Ladian is a small village situated in district Shahid Bhagat Singh Nagar in Punjab, India. It is 10 km from Banga, on Banga to Katarian Road. This village belonged to Master Sudhagar Singh Dhindsa (died 2001), Dr. Kuldip Singh Dhindsa (died 2022 in Montreal Canada) and Kuljit Singh Dhindsa (died 2012), the prominent social reformer. Sant Amar Jot Partap Singh (Baba kar ji) arrived and blessed this village many times.

== Geography ==
The village is situated at approximately 335 km from New Delhi, 155 km from Amritsar and 1410 km from Mumbai. It is in the Northwest part of India; a few hundred kilometres south of Kashmir and to the west of the Himalayan foothills of Punjab and Himachal Pradesh. On a clear day, the snow-clad peaks of the Dhauladhar range are visible in the distant horizon. It is also linked by Banga-Katarian Road with Amritsar-Chandigarh GT road and Amritsar-Anandpur Sahib route on NH-1.

== Religious places ==
There are two Gurdwaras situated in Ladhian.
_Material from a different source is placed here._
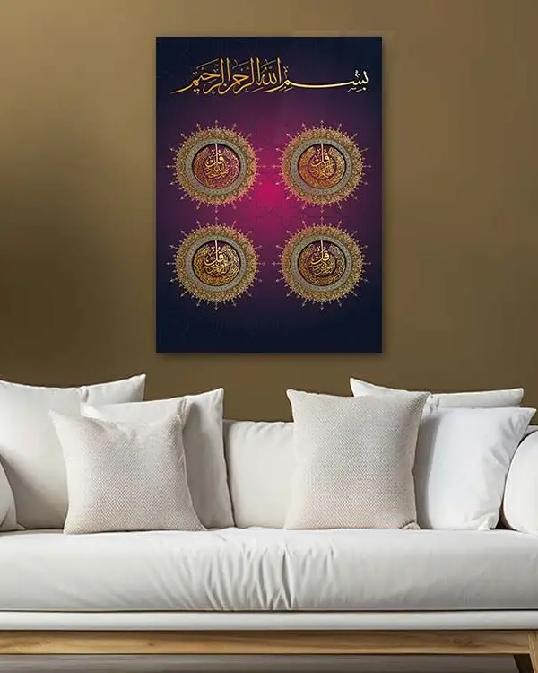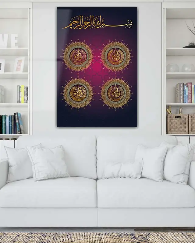 Altın Sarısı Zemin Üzerine Besmele ve Dört Halife Kırılmaz Temperli Cam Tablo

Sant Shiva ji da Dera, Gurdwara Hari Sar, Mananhana, Hoshiarpur, Gurdwara Charan Kanwal Sahib, Peer Baba Gulami Shah, Shiv Mandir on Mukandpur Road are the frequently visited religious places within 10 km from there.

== Banking facilities ==

Most of Nationalised Government Sector Bank as well as Private Sector Bank is situated within 10 km from here society in Katarian, State Bank of India, Punjab National Bank, Bank of Baroda, Axis Bank, ICICI Bank, UCO Bank, Oriental Bank of Commerce, HDFC Bank, Allahabad Bank, Syndicate Bank, SBoP, Bank of India, Corporation Bank, IDBI Bank, etc.